Study Shows Isolated Brain Injuries Cause Lung Damage
A study led by researchers at the University of Arizona College of Medicine – Phoenix showed that an isolated traumatic brain injury (TBI) directly damages the lungs within an hour of injury.
Collaborative research from the laboratories of Jonathan Lifshitz, PhD, director of the Translational Neurotrauma Research Program, and Ting Wang, PhD, scientific director of pulmonary and endothelial research at the College of Medicine – Phoenix, was published in August 2020 in the journal Shock.
“This finding is pretty significant as it is one of the first to show that a diffuse, isolated TBI with no lesion or overt cell death can lead to obvious lung injury,” said Maha Saber, PhD, lead author of the study and a postdoctoral fellow in the Translational Neurotrauma Research Program.“Few other studies have looked at this phenomenon, and we are the first to confirm that it happens in this model of TBI. Furthermore, clinical data suggest that TBI patients are likely to die of pulmonary-related issues and the survivors that develop a lung injury after a TBI have poor outcomes and reduced quality of life.”
Through this study, researchers modeled the phenomenon by which factors associated with TBI hold the potential to damage other organs. Further, the research outcomes showed that the non-invasive intervention of remote ischemic conditioning (RIC) reduced lung injury and evidence of inflammation. RIC is the repeated use of a blood pressure cuff to generate intermittent reduction of blood flow to a limb. Others have demonstrated clinical efficacy to reduce inflammation and prevent damage to organs during heart attacks, strokes and organ transplants. The U of A team provided evidence that RIC may reduce inflammation by releasing irisin, an anti-inflammatory protein released from the muscle usually during exercise. They also provided evidence that the lung injury that occurs after TBI may be due to some dysregulation of receptors associated with sphingosine 1- phosphate (S1P), a molecule necessary for healthy blood vessels in the lung.
Dr. Saber added that although it’s not very well-known that an isolated TBI can lead to acute lung injury, their major contribution to the field with this study is that RIC could be used to prevent or reduce lung injury associated with TBI. Since RIC is relativity inexpensive, easy to use and non-invasive, it can be performed rapidly after a TBI or in cases where TBI risk increases (e.g. players before a football or soccer game) and help improve outcomes for these patients.

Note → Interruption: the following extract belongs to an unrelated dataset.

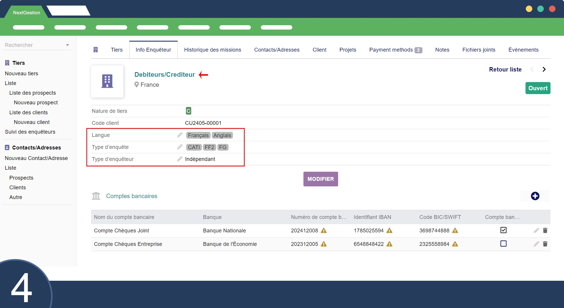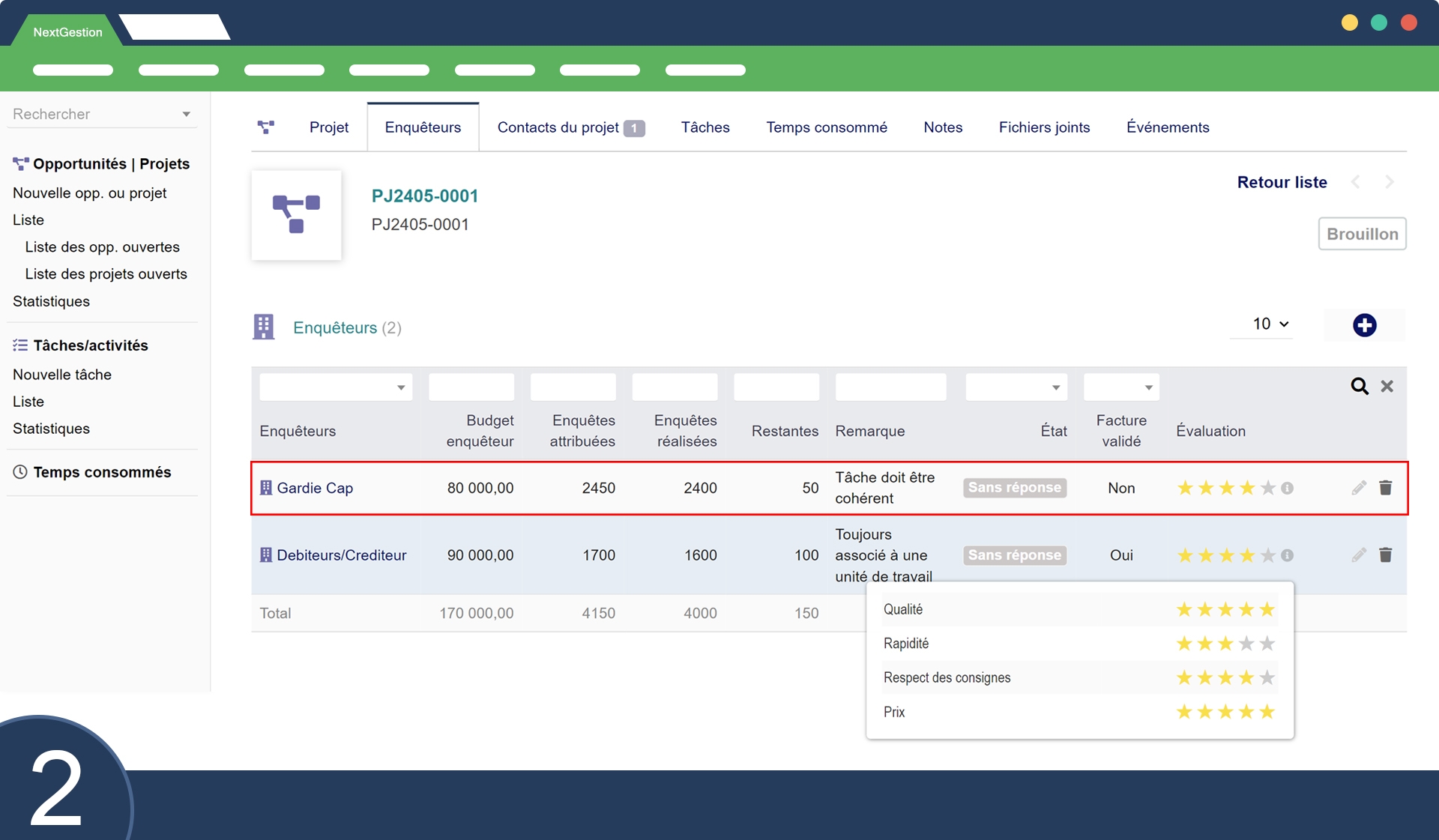 This module allows you to effectively manage external investigators, monitor the progress of their missions, evaluate their performance and provide a detailed view by project and by investigator. It helps to optimize the carrying out of market research.

“A TBI-induced lung injury is something that has been established before, but it is still not common knowledge or commonly researched,” Dr. Saber said. “RIC has been used to treat lung injuries before, but no other studies have put the two together yet. We are looking to replicate the laboratory data on lung injury and evaluate a treatment that could be applied in the pre-hospital setting – such as an ambulance or urgent care.”
The Translational Neurotrauma Research Program has studied RIC interventions for other aspects of TBI, including inflammation and cognitive deficits. They had observed that their experimental model of TBI resulted in pulmonary edema. With the expertise of Dr. Wang, they evaluated aspects of acute lung injury, including cellular mechanisms of injury and functional preservation. These results demonstrate the complexity of TBI beyond the brain, which encompasses the specific demographics of each patient and their environment.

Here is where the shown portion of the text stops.